At the NZ Institute of Landscape Awards, Wellington City Council’s Urban Design Team won an Award of Excellence in the Small Projects category for the Eva and Leeds Street Laneways project.
The Discovery Garden – Te Kaapuia o Te Waoku at the Wellington Botanic Garden won an Award of Excellence in the Institutional category, and the Chimpanzee Park at Wellington Zoo was the Playgrounds overall category winner – both of which were designed by landscape architects Isthmus Group.
Meanwhile, at the 2019 New Zealand Architecture Awards, Isthmus Group and Wellington City Council won the Planning & Urban Design Category award for the Kumutoto Pavilion, part of the revamp of North Kumutoto.
Mayor Andy Foster says the awards are a fantastic recognition of the design investment in Wellington’s public spaces. “We put a lot of effort into creating quality public space for Wellingtonians and visitors to enjoy, and it’s always great to have the design spaces recognised.”
Congratulations go to the Wellington City Council’s Urban Design, Build Wellington and Parks, Sport and Recreation teams, Isthmus Group and the contractors on these projects – Hawkins, Peryer Construction, Maycroft Construction Ltd and Naylor Love, along with the wider consultant team and other City Council and Wellington Zoo staff who have all been involved in these projects.
“Our central city has over 50 lanes and arcades and projects like the Eva and Leeds Street Laneways – helping to create safer, more inviting pedestrian environments that also support the development of new, small businesses.
“Likewise, the flexible public spaces provided by the North Kumutoto design offer new opportunities for leisure activities and a chance to get right down to the water, so everyone can enjoy Wellington’s waterfront.
“The Discovery Garden, an area specifically designed for children in the Wellington Botanic Garden, provides another opportunity for children to connect with nature in our city centre.
“Wellingtonians can be rightly proud of these improvements to our laneways, waterfront, parks and gardens.

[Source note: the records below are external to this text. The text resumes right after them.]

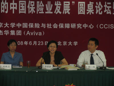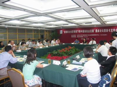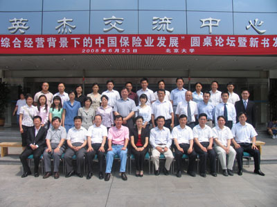 2008年6月23日,“金融综合经营背景下的中国保险业发展”圆桌论坛暨新书发布会在beat365中文官方网站英杰交流中心顺利举行。来自beat365中文官方网站、中国保监会、保险业界和其他高校保险院系的嘉宾、学者、师生代表和相关媒体记者参加了论坛。论坛由beat365中文官方网站中国保险与社会保障研究中心(CCISSR)秘书长郑伟博士主持。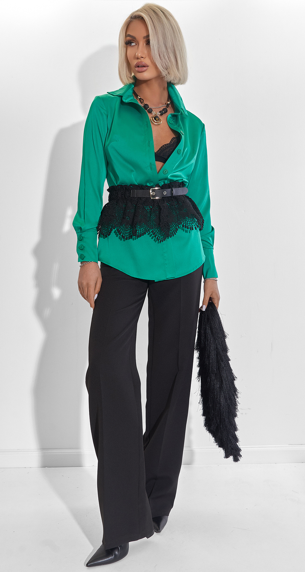 Ця блуза з еко-шовку – втілення ніжності та статусу. Вона створена для тих моментів, коли хочеться почуватися легкою, але мати бездоганний вигляд.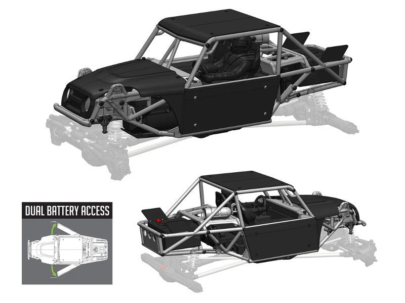 Das Design des H10 Chassis ist von Trail Buggys abgeleitet, die gebaut wurden, um das härteste Terrain der Welt mit Komfort und Stil zu bewältigen. Das symmetrische Design mit 2 Sitzen sorgt für eine geringe Gesamtbreite, die das Umfahren von Hindernissen erleichtert. Kurze vordere und hintere Überhänge optimieren das An- und Abfahren, so dass die Reifen die Hindernisse zuerst erreichen.
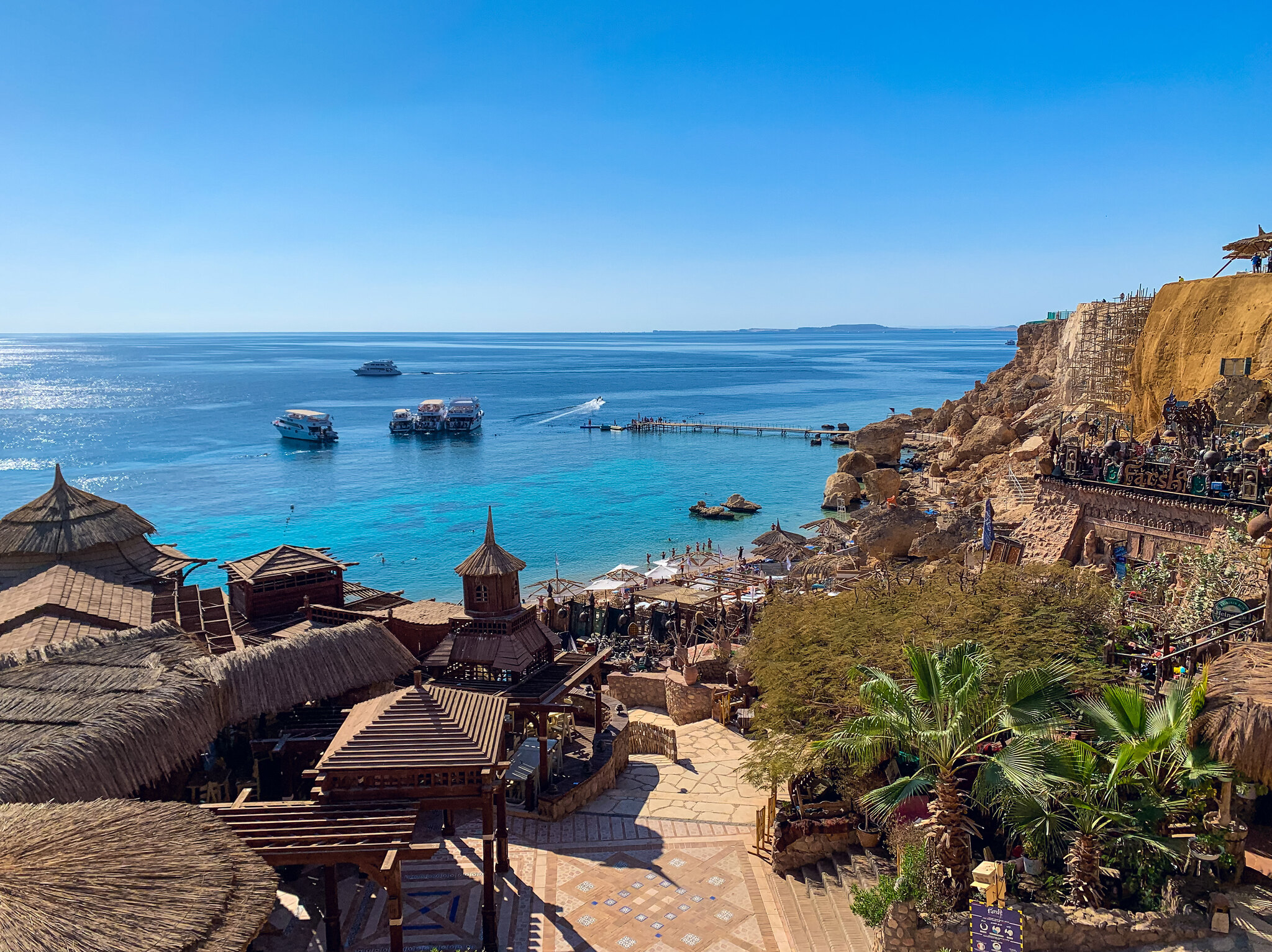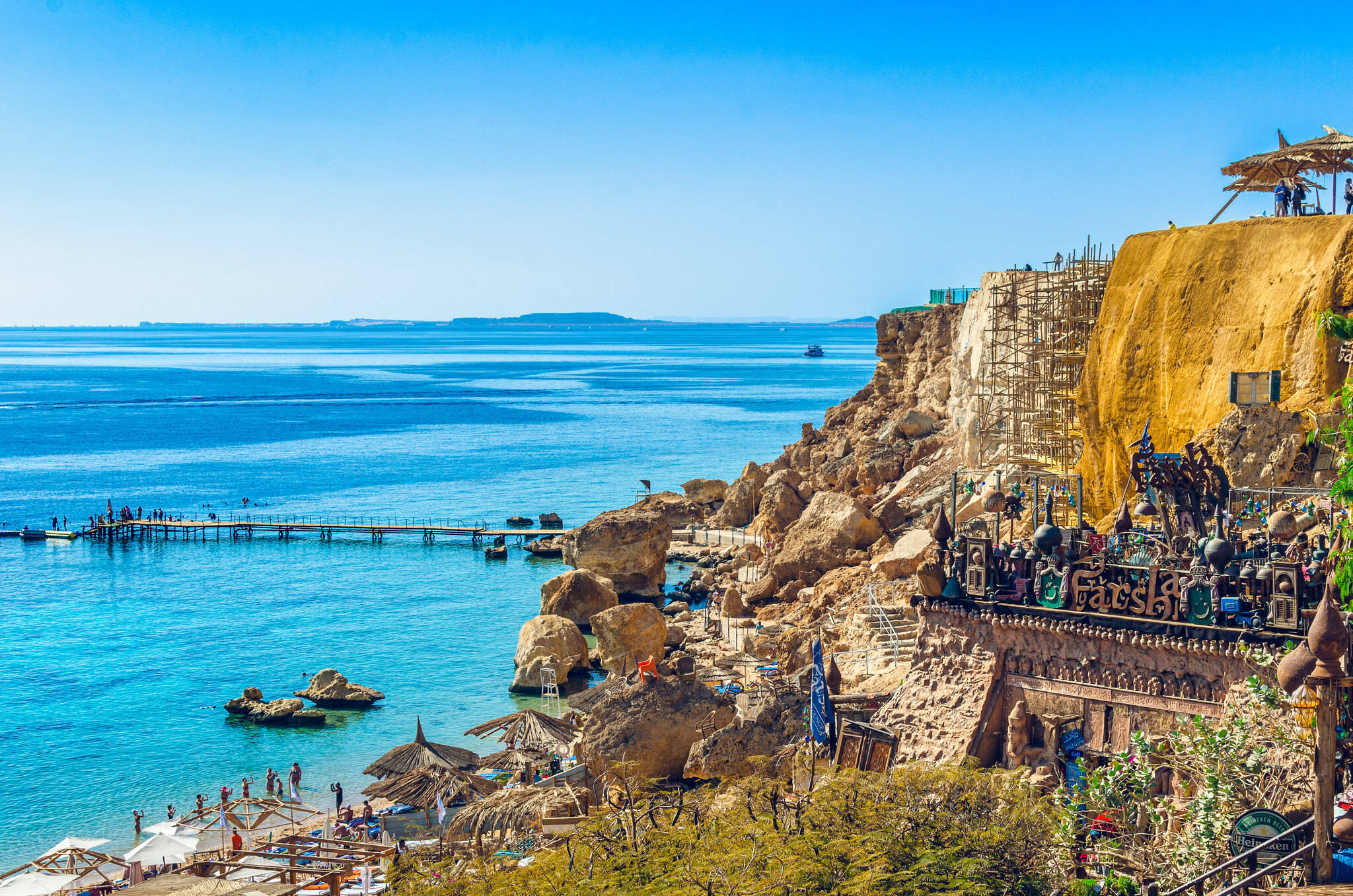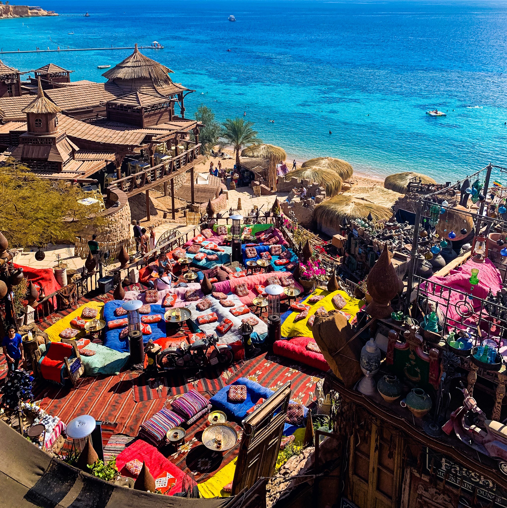 Iconic Farsha Café Sunset View: Visit the most famous spot in Sharm El Sheikh! Relax in the café’s unique tiered seating carved into the cliffside and witness a breathtaking sunset over the Red Sea, combined with the fresh air and a beautiful atmosphere.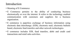 The document discusses e-commerce, which refers to conducting business electronically, emphasizing its global reach and efficiency. It details the legal framework surrounding electronic contracts and signatures in India, established by the Information Technology Act of 2000 and the Indian Contract Act of 1872, along with their implications. Additionally, it addresses various forms of e-commerce, benefits, and legal challenges relating to electronic transactions and contracts.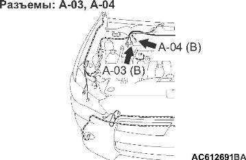 (1) Отсоединить разъем ABS-ECU и подсоединить специальный инструмент жгут проводов для проверки ABS (МВ991974), к разъемам со стороны ABS-ECU и со стороны жгута, после чего измерить напряжение со стороны разъема специального инструмента. (2) Перевести переключатель зажигания в положение ВКЛ. (3) Измерить напряжение между между клеммой питания датчика скорости колеса и (сигнальная клемма) №22 и «массой на кузове». НОРМА: Напряжение в системе ШАГ 10. Проверка жгута электропроводки между клеммой №22 разъема ABS-ECU А-04, и клеммой №1 разъема датчика скорости <ПП> колеса А-03, а также между клеммой №21 разъема ABS-ECU А-04, и клеммой №21 разъема датчика скорости <ПП> колеса А-03. • Проверить наличие обрыва в цепи датчика скорости <ПП> колеса. Q: Является ли результат проверки нормальным? ДА: Перейти к Шагу 11. НЕТ : Отремонтировать жгут электропроводки. ШАГ 11. Проверка датчика скорости колеса как единого узла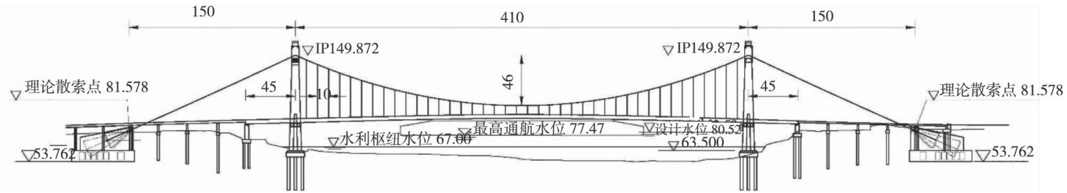 南宁英华大桥位于南宁市区,起于江南区,向东跨越邕江连接至青秀区.该桥主桥为单主缆悬索桥,主缆跨度布置为( 150+410+150⟩ ) m ,矢跨比1/9,采用预制平行高强钢丝索股结构.吊索仅布置于中跨,共40对,标准间距 10m (剩余9860字)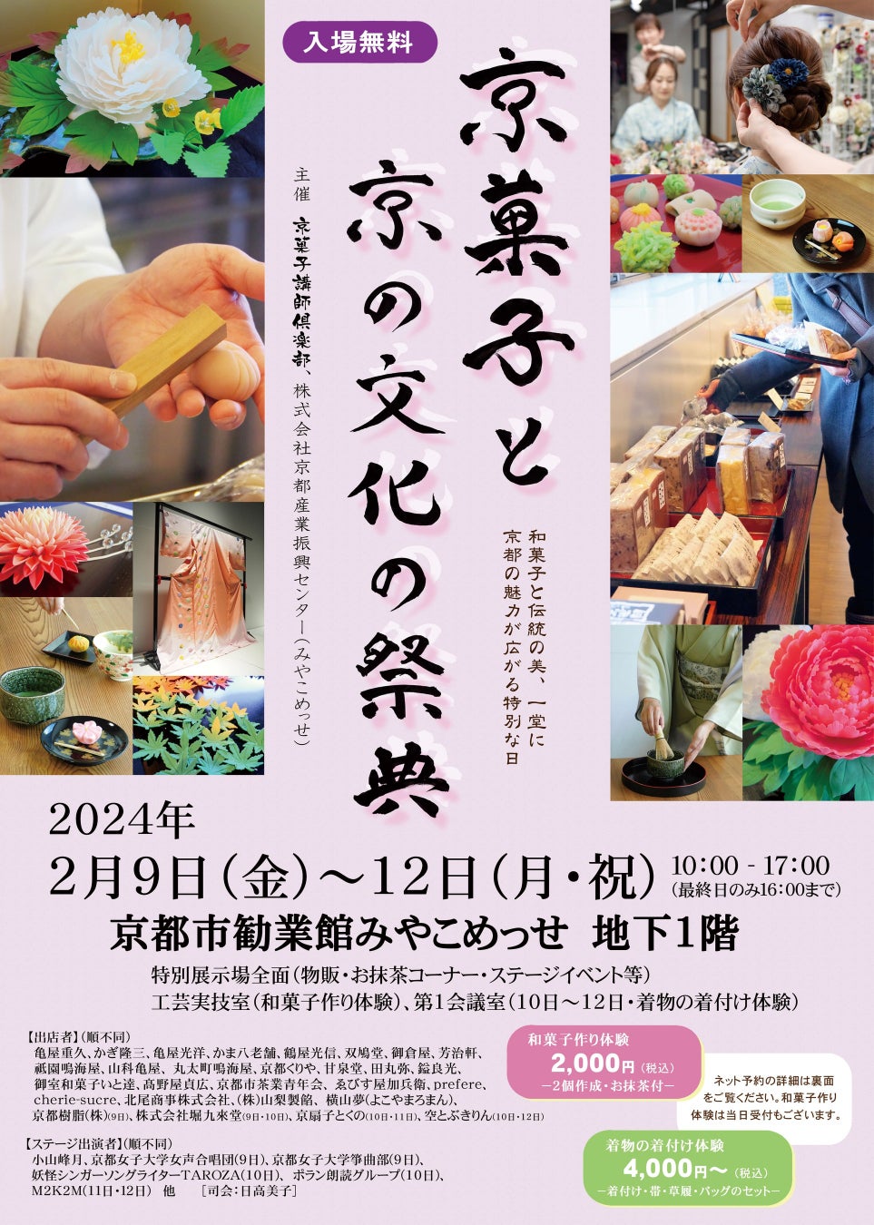 会期は2024年2月9日(金)~12日(月・休)の4日間、イベントは入場無料、和菓子作り体験はお抹茶付きで2,000円、着物の着付け体験(着物レンタル)は4,000円~です。ぜひ皆様のご来場をお待ちしております。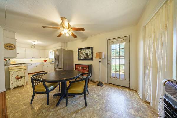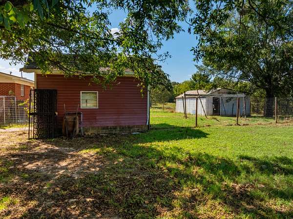 Outside is where this place really shines: a fully fenced backyard for pets, a barn with dirt floor (great for a horse or small livestock), a storage building for tools, and a storm shelter for peace of mind.
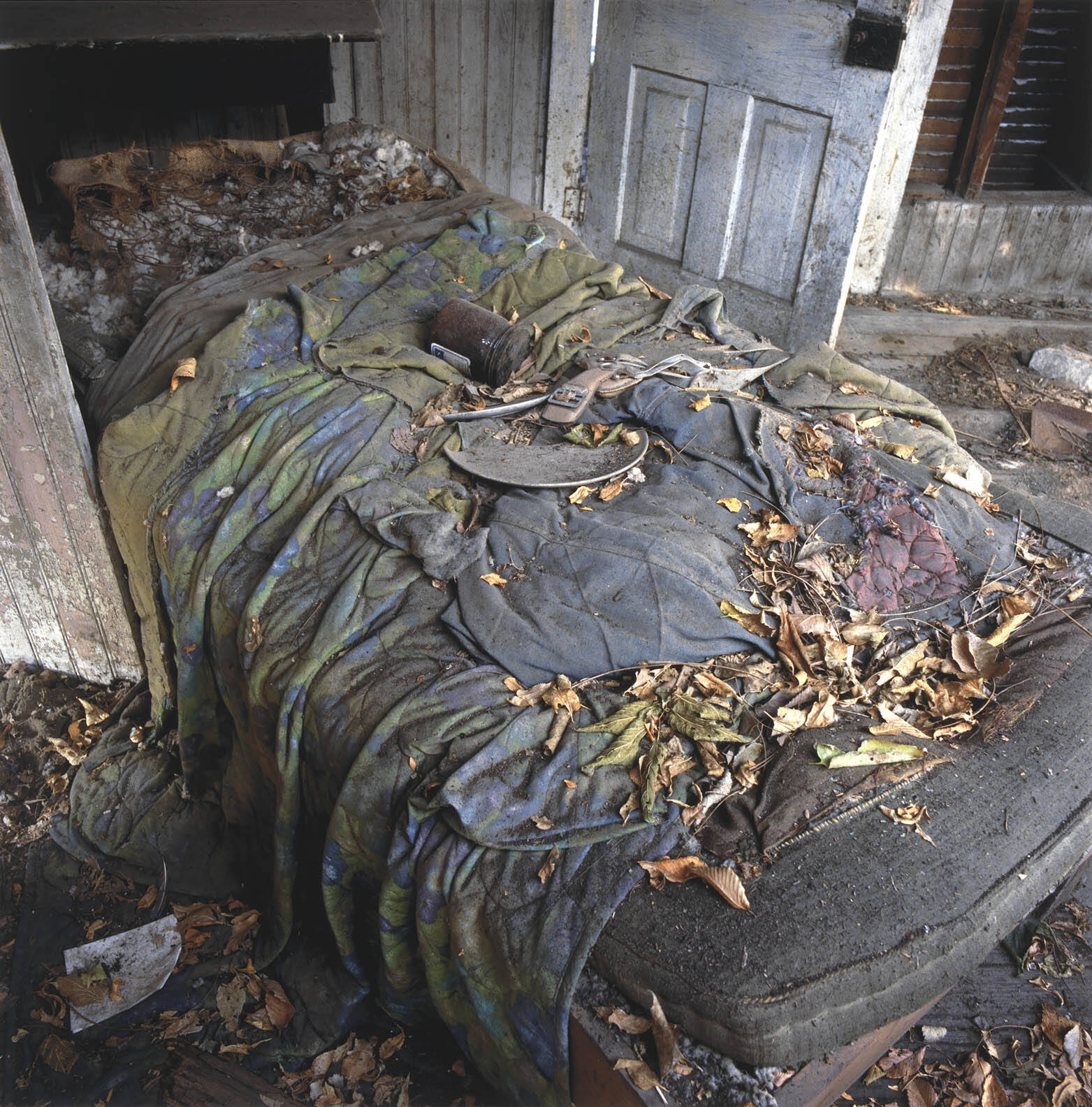 DescriptionImage of an old mattress and blankets covered with dirt, leaves and debris.Copyright© Terry Evans

These are prestigious awards that recognise how great public architecture can transform cities and communities.”
The revamp of North Kumutoto – the 6000 square-metre area between the Meridian building and the Bluebridge ferry terminal, features a new timber boardwalk, better sea access, planting to attract wildlife, the pavilion and seating areas, covered walkways and new art installations.
The folded-timber deck transitions seamlessly with the key feature, the Kumutoto Pavilion – a place for shade and partial shelter. The pavilion, with its playful design and warm surface textures is composed of a matrix of timber battens formed into cassettes and attached to steel-lattice trusses. The $7 million North Kumutoto project was completed in October 2018.
The Eva and Leeds Street Laneways revamp was part of the $5.5 million investment in laneways in Wellington City Council's ten year plan. The project was designed to increase the energy in the spaces that link Eva and Leeds Streets by attracting more people, while also celebrating the local heritage and unique character in the area. The Eva and Leeds Street Laneways project was completed in December 2015.
The Discovery Garden, which is loosely modelled on the UK’s Eden Project, and inspired by existing children’s gardens in Brooklyn, Melbourne, Singapore, and Auckland, opened in September 2017.